**** Source material

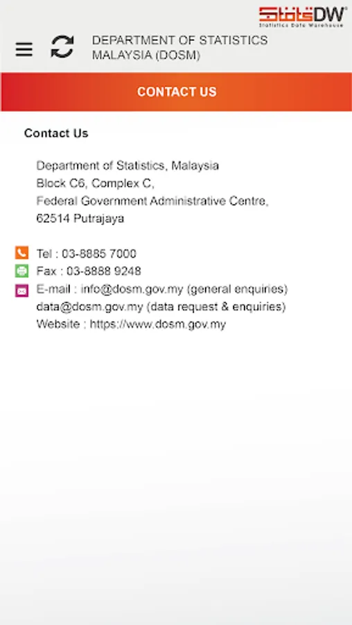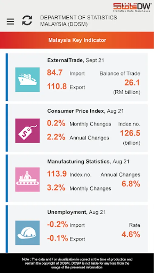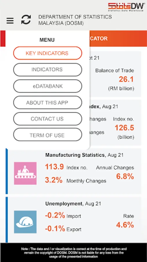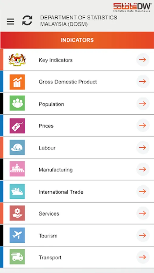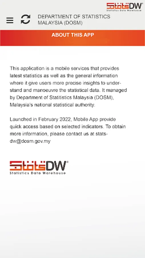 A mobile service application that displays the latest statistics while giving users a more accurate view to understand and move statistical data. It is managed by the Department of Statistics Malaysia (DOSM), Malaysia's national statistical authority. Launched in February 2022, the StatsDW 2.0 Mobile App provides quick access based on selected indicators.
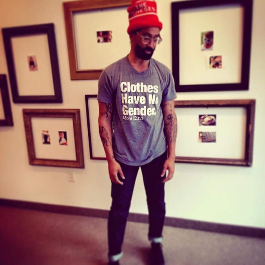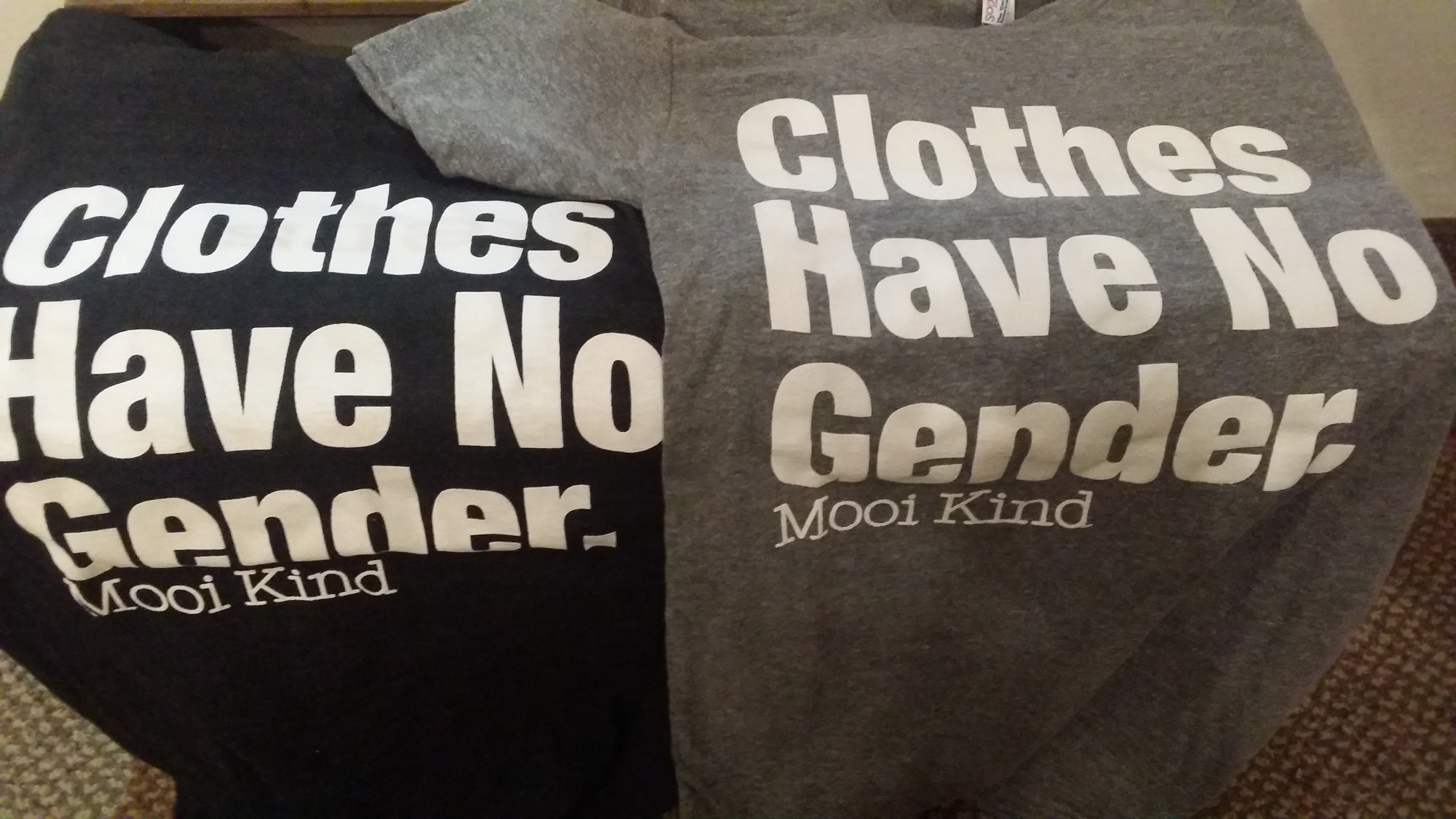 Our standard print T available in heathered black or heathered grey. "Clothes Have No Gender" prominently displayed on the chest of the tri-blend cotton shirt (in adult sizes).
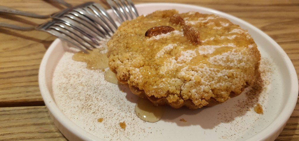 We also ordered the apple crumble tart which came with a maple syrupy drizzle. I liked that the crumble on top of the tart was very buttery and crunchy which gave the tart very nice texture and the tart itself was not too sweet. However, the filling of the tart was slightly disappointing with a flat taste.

********

### Exercise objective
Every line above should be repeated exactly; pictures stay out of the copy.

### Solution for this problem
 A mobile service application that displays the latest statistics while giving users a more accurate view to understand and move statistical data. It is managed by the Department of Statistics Malaysia (DOSM), Malaysia's national statistical authority. Launched in February 2022, the StatsDW 2.0 Mobile App provides quick access based on selected indicators.
 Our standard print T available in heathered black or heathered grey. "Clothes Have No Gender" prominently displayed on the chest of the tri-blend cotton shirt (in adult sizes).
 We also ordered the apple crumble tart which came with a maple syrupy drizzle. I liked that the crumble on top of the tart was very buttery and crunchy which gave the tart very nice texture and the tart itself was not too sweet. However, the filling of the tart was slightly disappointing with a flat taste.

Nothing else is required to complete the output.